Cabinet Secretary for Interior and Coordination of National Government
- In office 2 December 2014 – 7 July 2017
- President: Uhuru Muigai Kenyatta
- Preceded by: Joseph ole Lenku
- Succeeded by: Fred Matiang'i

Assistant Minister, Defense
- In office February 2008 – March 2013
- President: Mwai Kibaki

Member of Parliament for Kajiado
- In office December 2002 – December 2014
- Preceded by: David Lenante Sankori
- Succeeded by: Elijah Memusi

Personal details
- Born: 28 November 1949 Kajiado District, Kenya Colony
- Died: 8 July 2017 (aged 67) Nairobi, Kenya
- Party: ODM (2005–2014)
- Spouse: Hellen Nkaissery ​ ​(m. 1978⁠–⁠2017)​
- Alma mater: Kenyatta University US Army War College

Military service
- Branch/service: Kenya Army
- Years of service: 1972 - 2002
- Rank: Major General

= Joseph Ole Nkaissery =

Kenyan politician and former general

Major-General Joseph Kasaine Ole Nkaissery (28 November 1949 – 8 July 2017) was a Kenyan politician, serving as a Member of Parliament in the National Assembly of Kenya from 2002 to 2014, when he resigned to take up a cabinet position as Secretary for Internal Security and Coordination of National Government.
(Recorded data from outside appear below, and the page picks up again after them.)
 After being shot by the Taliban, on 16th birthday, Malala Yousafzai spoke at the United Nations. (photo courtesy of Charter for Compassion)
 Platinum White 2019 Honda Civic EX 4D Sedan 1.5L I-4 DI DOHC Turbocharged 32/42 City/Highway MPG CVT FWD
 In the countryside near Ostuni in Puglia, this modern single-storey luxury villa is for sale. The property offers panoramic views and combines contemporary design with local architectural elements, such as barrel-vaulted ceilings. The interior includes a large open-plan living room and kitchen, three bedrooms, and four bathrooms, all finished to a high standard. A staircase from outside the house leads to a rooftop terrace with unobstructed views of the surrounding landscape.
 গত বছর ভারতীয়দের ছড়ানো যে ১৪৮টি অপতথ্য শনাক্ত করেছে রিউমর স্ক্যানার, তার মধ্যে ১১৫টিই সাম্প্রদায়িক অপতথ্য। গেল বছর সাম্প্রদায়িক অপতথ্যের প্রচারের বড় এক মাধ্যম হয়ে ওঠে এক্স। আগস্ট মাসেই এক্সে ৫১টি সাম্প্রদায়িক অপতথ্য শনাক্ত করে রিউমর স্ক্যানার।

He was also a senior elder of the Maasai community until his sudden death on 8 July 2017.

==Life and career==
Before joining politics, Nkaissery served in the Kenya Defence Forces since 1973, rising to the rank of major-general in the Kenya Army. In 1987, he was appointed the military assistant to the Chief of General Staff. He also served as a commandant of the Armed Forces Training College. He retired in December 2002 after 29 years of military service.

Nkaissery was elected to the National Assembly in 2007 and served as an Assistant Minister for Internal Security in the cabinet of President Mwai Kibaki from 2008 to 2013. When Operation Linda Nchi was launched in 2011, he served as the assistant minister to the Kenyan Ministry of Defence.
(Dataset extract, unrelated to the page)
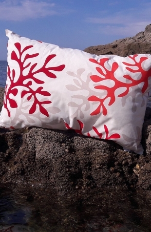 La collection Corail prend des airs d'un tableau de Matisse. On y voit des formes abstraites ou bien des coraux pour un esprit bord de mer moderne et original. Le motif Corail est également décliné en bleu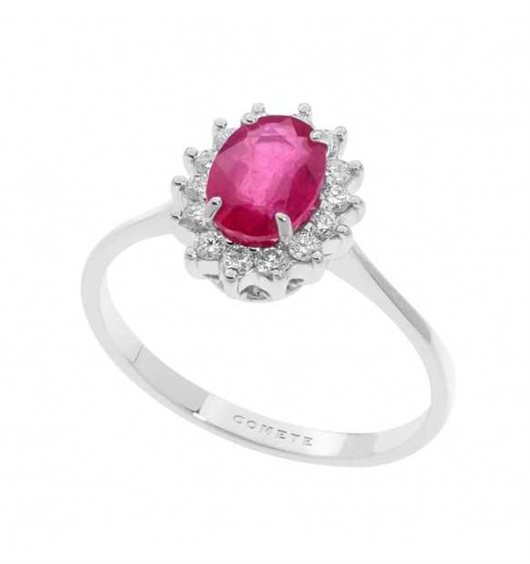 Anello in oro bianco 18 kt della collezione Regina. Rubino ovale di carati 1,20 contornata di diamanti di carati 0,21. Colore: G Purezza: Si Tempi di evasione d’ordine in 2/6 giorni.

On 2 December 2014, Nkaissery was nominated by President Uhuru Kenyatta for the post of Cabinet Secretary for Internal Security, to replace Joseph Ole Lenku, and subject to approval by the Parliament of Kenya. Following his approval as Cabinet Secretary, Nkaissery stepped down as Member of Parliament for Kajiado Central Constituency.

Nkaissery was a member of the Orange Democratic Movement (ODM) from 2007 to 2014. He was also coalition member of Coalition for Reforms and Democracy (CORD) from 2013 to 2014. He was first elected Member of Parliament on an ODM ticket in the 2007 general election before being re-elected on the same party ticket in 2013.

== Death ==
Nkaissery was admitted to Karen Hospital in Nairobi after reportedly collapsing at his home. He was pronounced dead in the morning on 8 July 2017, with post-mortem results showing that he had suffered from an acute myocardial Infarction.